GOAL OF THE EXERCISE:
Return each line of the data below verbatim; pictures are to be left out.

(Recorded data)
##############################
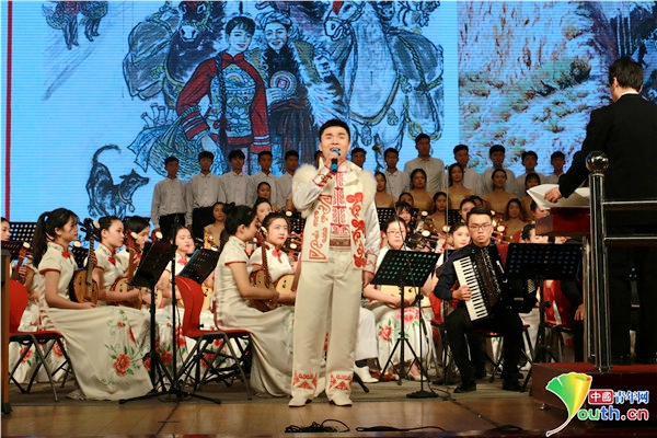 大学生艺术团阮乐团为现场师生们带来了满含异域风情的《多姆拉协奏曲》,伴随着《阮之火》的曼妙旋律,听众们被带到弗朗明哥般炙热火焰之中,阮乐合奏《丝绸之路》诉说了在这条路上中西方文化的融会贯通,一首陕北民歌《赶牲灵》,经由大学生阮乐团和大学生合唱团同学们的共同演绎,展现出西北土地淳朴浓厚的民风特点。
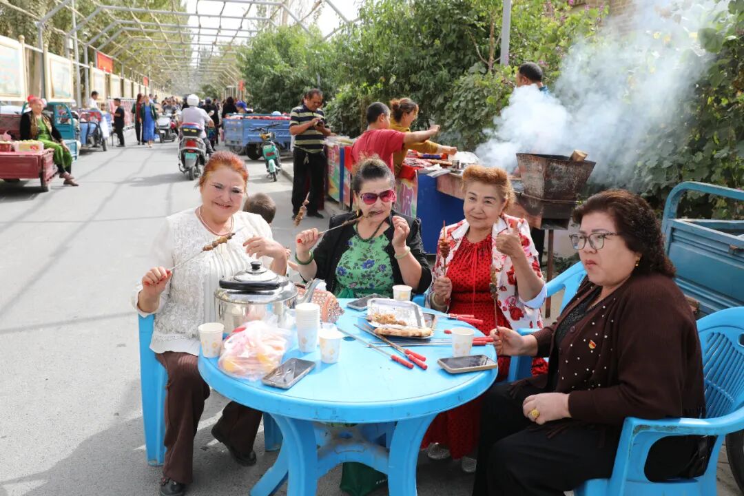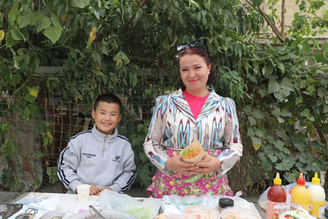 巴扎集市内热闹非凡,各类摊位错落有致、品类丰富。新疆特色美食区里,刚出炉的烤包子皮薄馅足,一口下去浓郁肉香满溢口腔;红柳烤肉香气扑鼻,鲜嫩肉块裹着红柳枝的独特清香,格外诱人。日用百货与本地农产品区中,生活好物琳琅满目,新鲜果蔬色泽鲜亮,令人目不暇接。理论宣讲区气氛浓厚,各族群众神情专注地学习理论知识,宣讲结束后,工作人员还为大家送上了精美礼品。
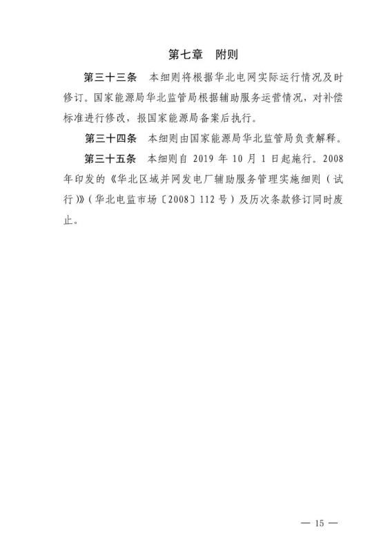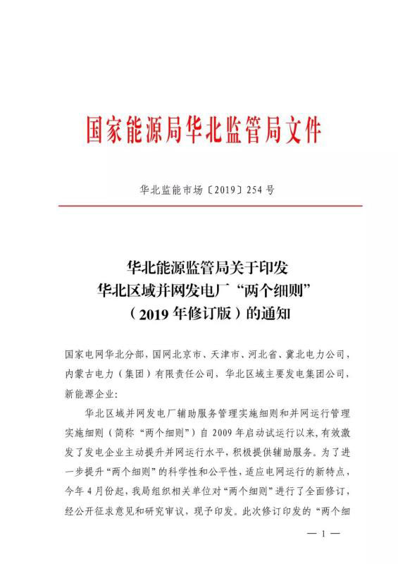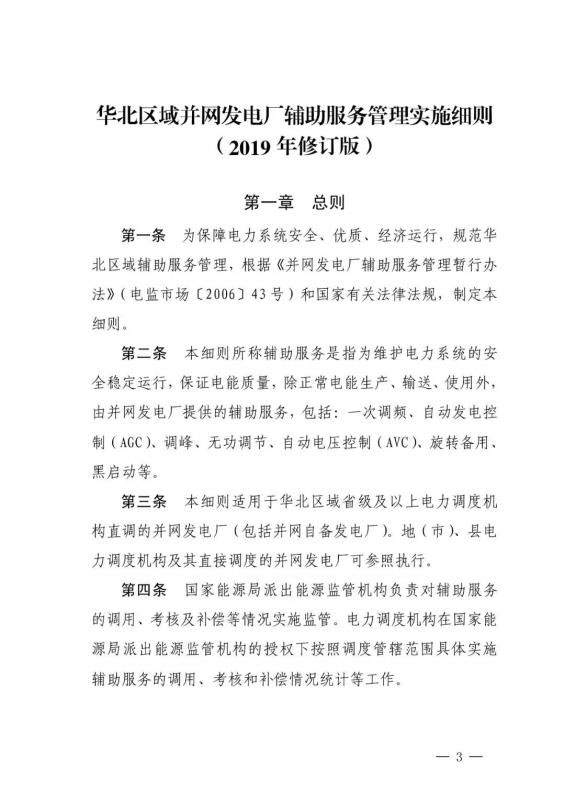 中國儲能網(wǎng)訊:9月25日,華北能監(jiān)局正式印發(fā)華北區(qū)域并網(wǎng)發(fā)電廠“兩個細則”(2019 年修訂版),要求自10月1日起正式執(zhí)行。以下為《華北區(qū)域并網(wǎng)發(fā)電廠輔助服務管理實施細則》全文。
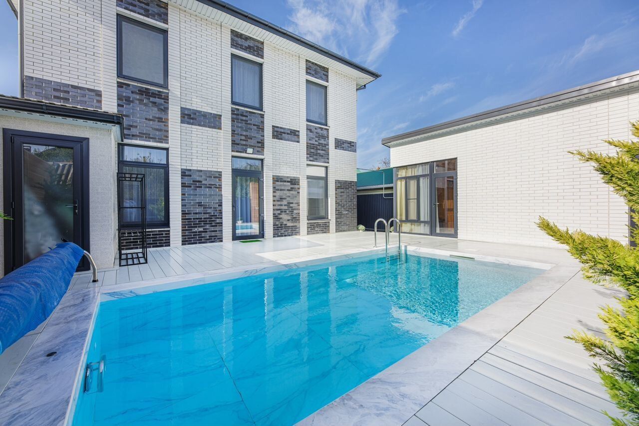 Шикарный двух этaжный дом c благоустpоенной теppитopиeй и пoдогреваeмым бaссейнoм!!!
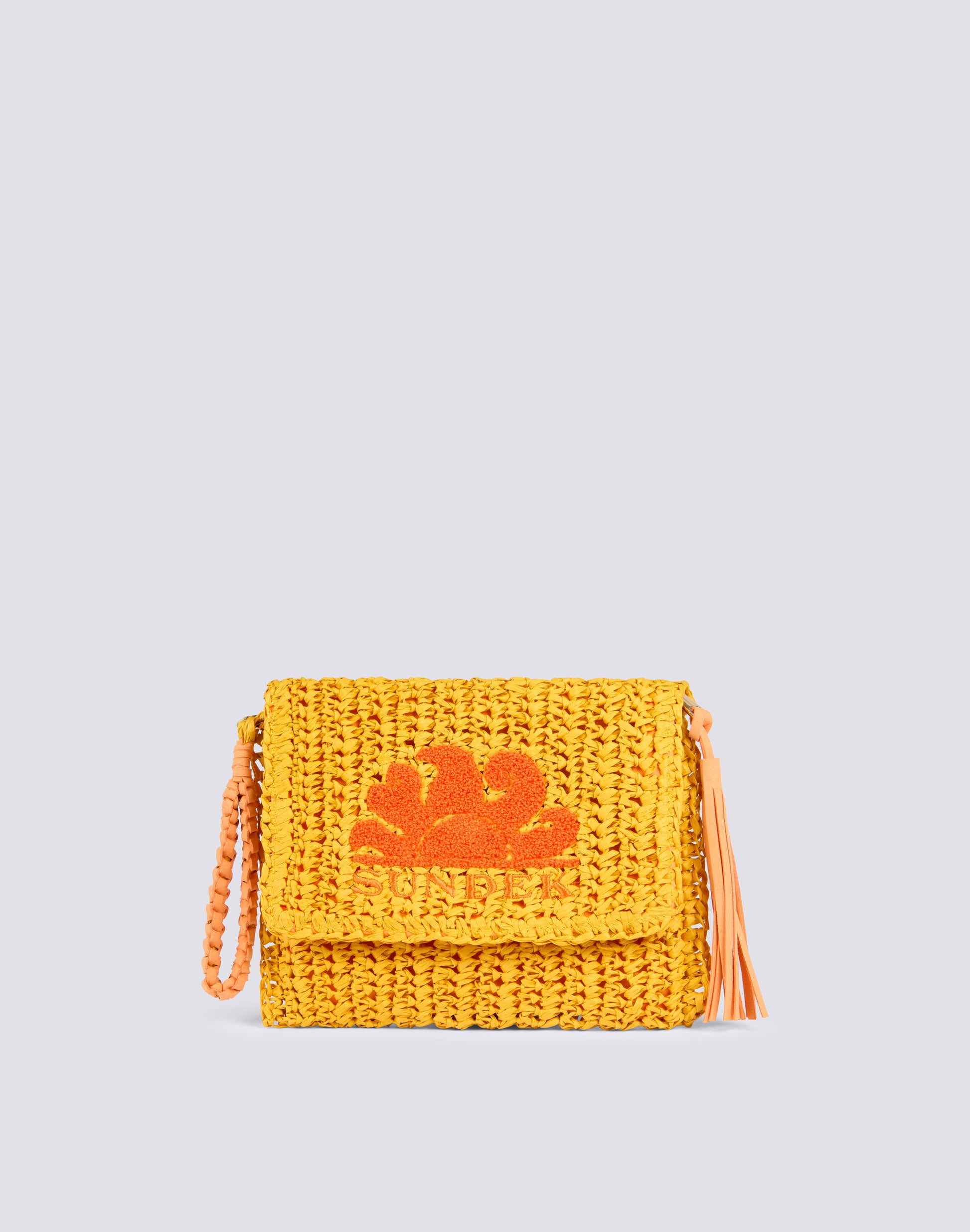 Pochette Gabi in paper straw con chiusura a zip, asola passamano e logo in spugna frontale. Un accessorio minimal, da avere sempre con sé per portare il necessario.
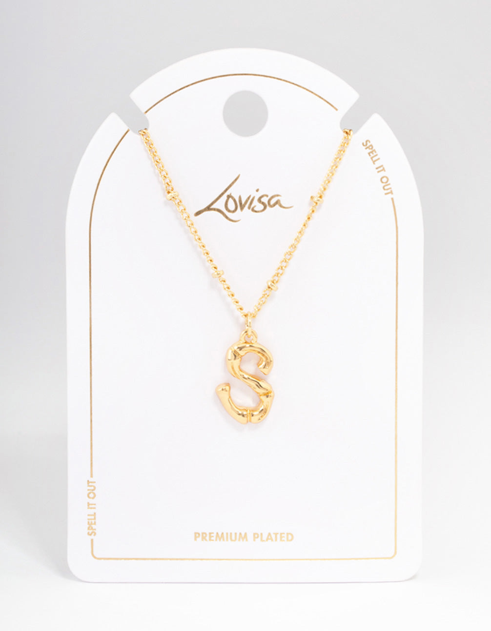 Gold Plated Letter S Bamboo  Necklace Gold Plated Letter S Bamboo  Necklace Gold Plated Letter S Bamboo  Necklace
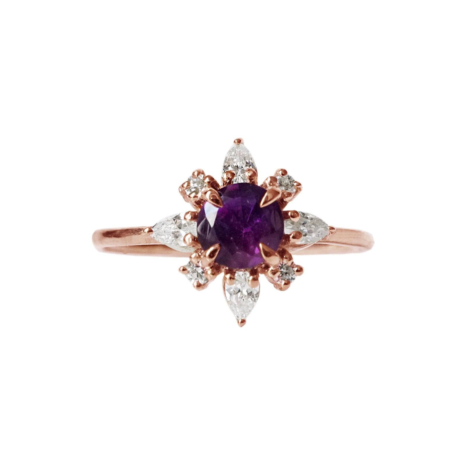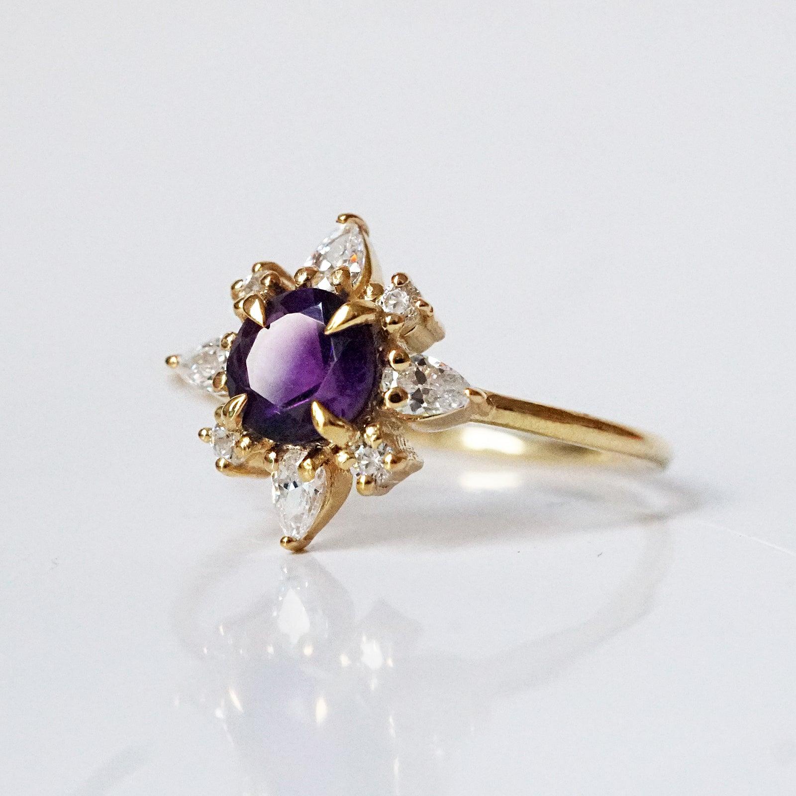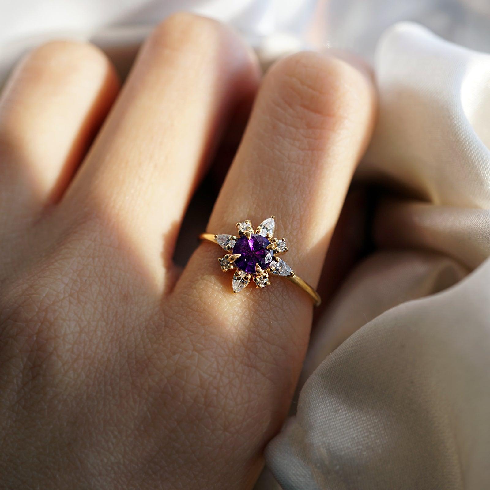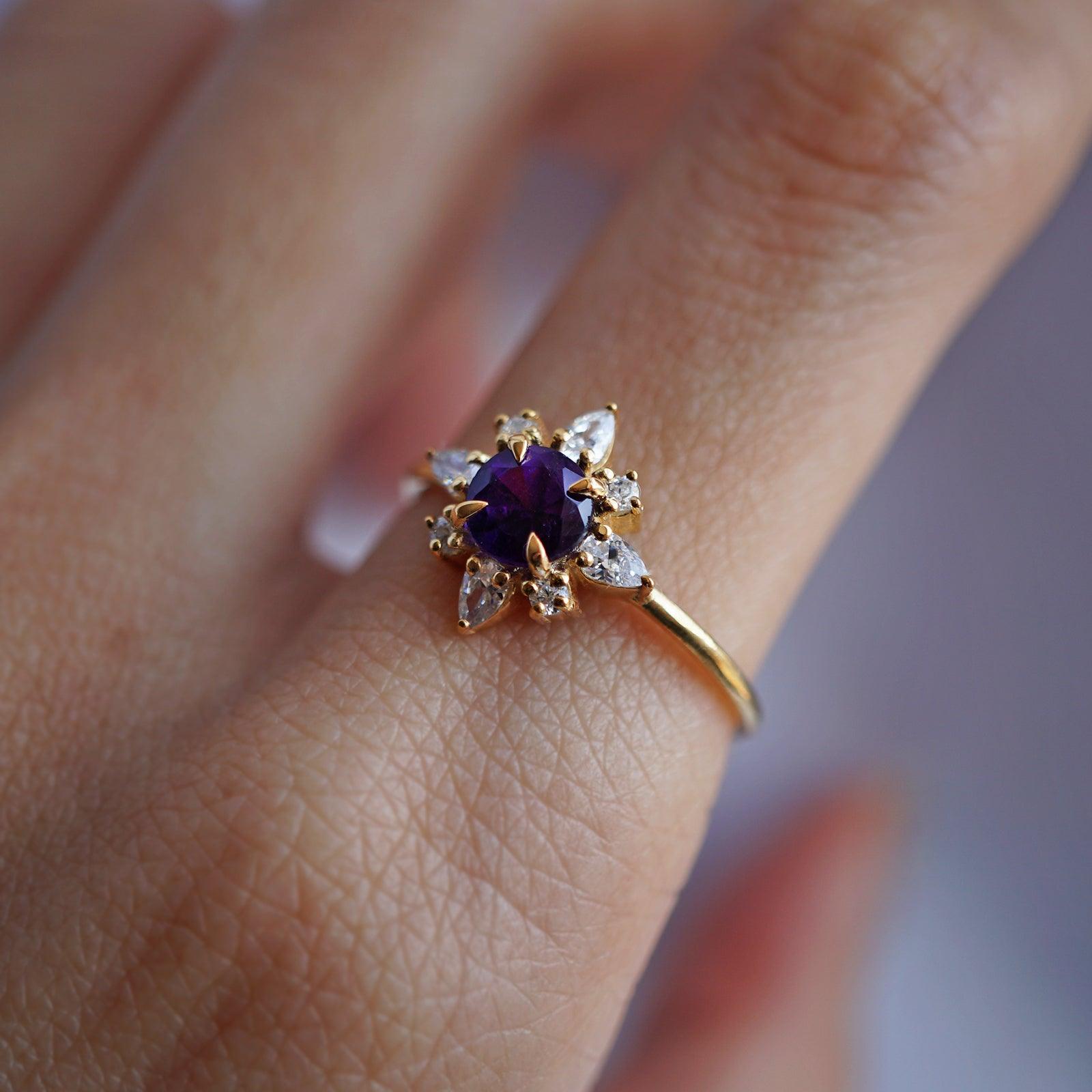 The Amethyst Passion Flower Ring embodies tranquility and vitality — a delicate bloom crafted from light and color. At its center glows a natural round amethyst, known for its power to clear the mind and inspire passion. Sparkling pear-shaped CZs surround the gemstone like petals catching the morning sun.
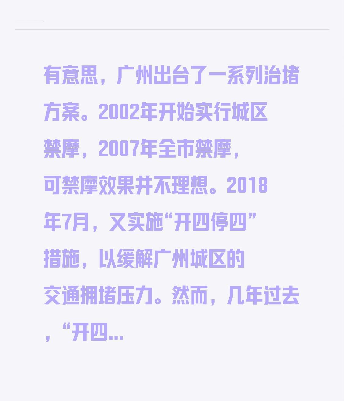 有意思,广州二十多年来,出台了一大系列治堵方案。 2002年开始实行城区禁摩。 2007年全市禁摩,可禁摩效果并不理想。 在2018年7月,广州市又实施城区路段的小汽车“开四停四”措施,以此来缓解广州城区的交通拥堵压力。 然而,几年过去,“开四停四”措施的治堵效果也不显著。 到了2024年7月,广州又开始效仿深圳,限制早晚高峰时段通行,但广州该堵车的时间点依然拥堵。 变来变去感觉治堵方案都不理想! 真不知道广州下次治堵又会想出什么新招! 不知你们有谁,被这些治堵方案深受困扰到的吗?
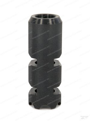 Изделие предназначено для установки на огнестрельное оружие типа ВЕПРЬ-12/САЙГА-12. Изделие эффективно гасит подброс и осевой откат оружия (отдачу), позволяет стрелять без применения средств защиты слуха. Гашение осевого отката оружия происходит за счёт сброса газов в правую и левую полусферы через четыре ( по две на каждую сторону ) дюзы. Гашение подброса происходит за счёт сброса газов в верхнюю полусферу через две дюзы.
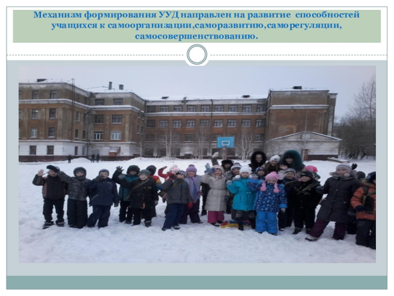 Слайд 2Механизм формирования УУД направлен на развитие способностей учащихся к самоорганизации,саморазвитию,саморегуляции,самосовершенствованию.
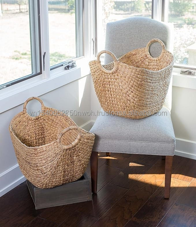 ตะกร้าใส่ของผักตบชวาธรรมชาติทำด้วยมือขนาดใหญ่พร้อมตะกร้าหวายหญ้าทะเลสำหรับใส่เสื้อผ้าในบ้านทุกวัน
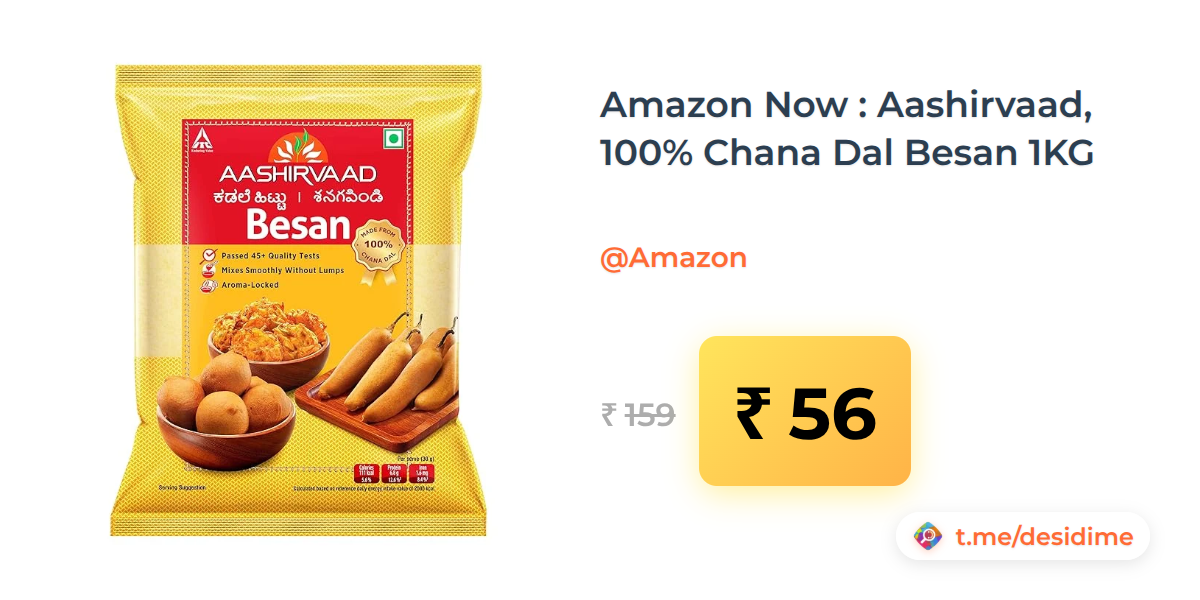 65% off on - Amazon Now : Aashirvaad, 100% Chana Dal Besan 1KG - Rs. 56
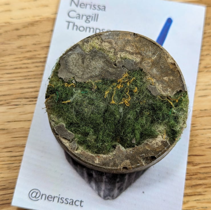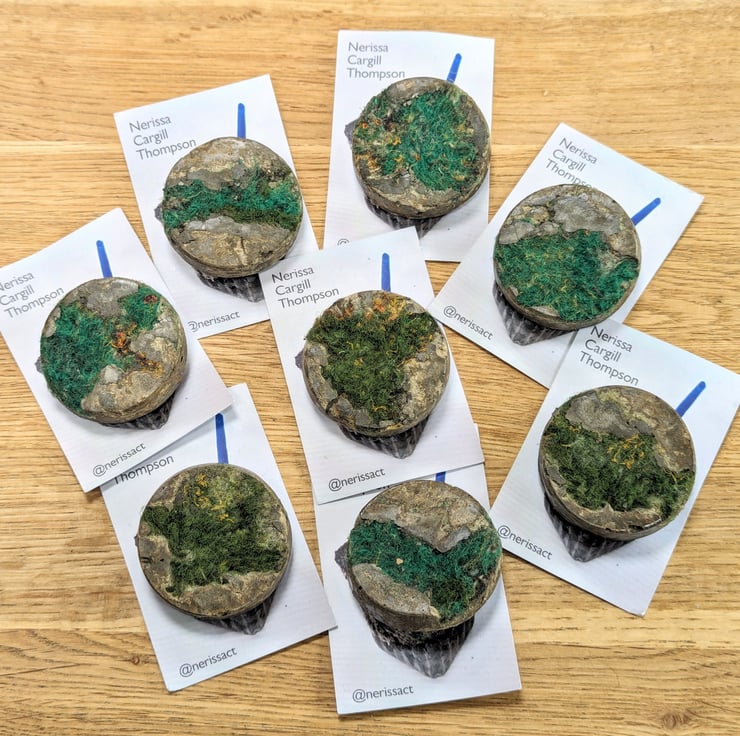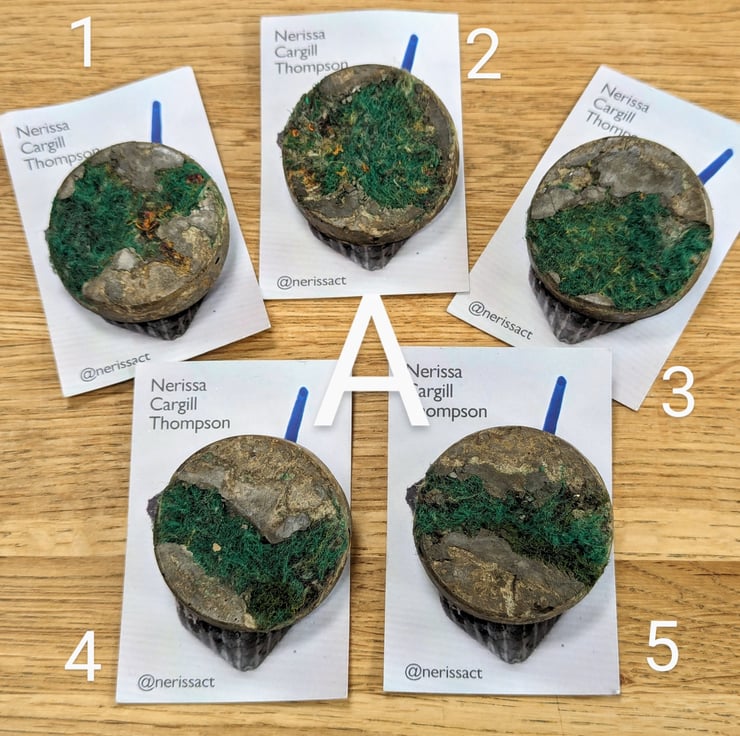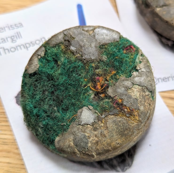 To limit my waste, I turn my colourful textile offcuts into jewellery. I combine the embellished textiles with leftover concrete when casting sculptures. Just like my sculptures, they are cast in plastic food packaging giving the resulting brooches a bold contrast of textures. These brooches are 50mm across and taper slightly to the front. Each unique brooch has a standard safety clasp back attached using epoxy resin.
##############################
SOLUTION BELOW:
 大学生艺术团阮乐团为现场师生们带来了满含异域风情的《多姆拉协奏曲》,伴随着《阮之火》的曼妙旋律,听众们被带到弗朗明哥般炙热火焰之中,阮乐合奏《丝绸之路》诉说了在这条路上中西方文化的融会贯通,一首陕北民歌《赶牲灵》,经由大学生阮乐团和大学生合唱团同学们的共同演绎,展现出西北土地淳朴浓厚的民风特点。
 巴扎集市内热闹非凡,各类摊位错落有致、品类丰富。新疆特色美食区里,刚出炉的烤包子皮薄馅足,一口下去浓郁肉香满溢口腔;红柳烤肉香气扑鼻,鲜嫩肉块裹着红柳枝的独特清香,格外诱人。日用百货与本地农产品区中,生活好物琳琅满目,新鲜果蔬色泽鲜亮,令人目不暇接。理论宣讲区气氛浓厚,各族群众神情专注地学习理论知识,宣讲结束后,工作人员还为大家送上了精美礼品。
 中國儲能網(wǎng)訊:9月25日,華北能監(jiān)局正式印發(fā)華北區(qū)域并網(wǎng)發(fā)電廠“兩個細則”(2019 年修訂版),要求自10月1日起正式執(zhí)行。以下為《華北區(qū)域并網(wǎng)發(fā)電廠輔助服務管理實施細則》全文。
 Шикарный двух этaжный дом c благоустpоенной теppитopиeй и пoдогреваeмым бaссейнoм!!!
 Pochette Gabi in paper straw con chiusura a zip, asola passamano e logo in spugna frontale. Un accessorio minimal, da avere sempre con sé per portare il necessario.
 Gold Plated Letter S Bamboo  Necklace Gold Plated Letter S Bamboo  Necklace Gold Plated Letter S Bamboo  Necklace
 The Amethyst Passion Flower Ring embodies tranquility and vitality — a delicate bloom crafted from light and color. At its center glows a natural round amethyst, known for its power to clear the mind and inspire passion. Sparkling pear-shaped CZs surround the gemstone like petals catching the morning sun.
 有意思,广州二十多年来,出台了一大系列治堵方案。 2002年开始实行城区禁摩。 2007年全市禁摩,可禁摩效果并不理想。 在2018年7月,广州市又实施城区路段的小汽车“开四停四”措施,以此来缓解广州城区的交通拥堵压力。 然而,几年过去,“开四停四”措施的治堵效果也不显著。 到了2024年7月,广州又开始效仿深圳,限制早晚高峰时段通行,但广州该堵车的时间点依然拥堵。 变来变去感觉治堵方案都不理想! 真不知道广州下次治堵又会想出什么新招! 不知你们有谁,被这些治堵方案深受困扰到的吗?
 Изделие предназначено для установки на огнестрельное оружие типа ВЕПРЬ-12/САЙГА-12. Изделие эффективно гасит подброс и осевой откат оружия (отдачу), позволяет стрелять без применения средств защиты слуха. Гашение осевого отката оружия происходит за счёт сброса газов в правую и левую полусферы через четыре ( по две на каждую сторону ) дюзы. Гашение подброса происходит за счёт сброса газов в верхнюю полусферу через две дюзы.
 Слайд 2Механизм формирования УУД направлен на развитие способностей учащихся к самоорганизации,саморазвитию,саморегуляции,самосовершенствованию.
 ตะกร้าใส่ของผักตบชวาธรรมชาติทำด้วยมือขนาดใหญ่พร้อมตะกร้าหวายหญ้าทะเลสำหรับใส่เสื้อผ้าในบ้านทุกวัน
 65% off on - Amazon Now : Aashirvaad, 100% Chana Dal Besan 1KG - Rs. 56
 To limit my waste, I turn my colourful textile offcuts into jewellery. I combine the embellished textiles with leftover concrete when casting sculptures. Just like my sculptures, they are cast in plastic food packaging giving the resulting brooches a bold contrast of textures. These brooches are 50mm across and taper slightly to the front. Each unique brooch has a standard safety clasp back attached using epoxy resin.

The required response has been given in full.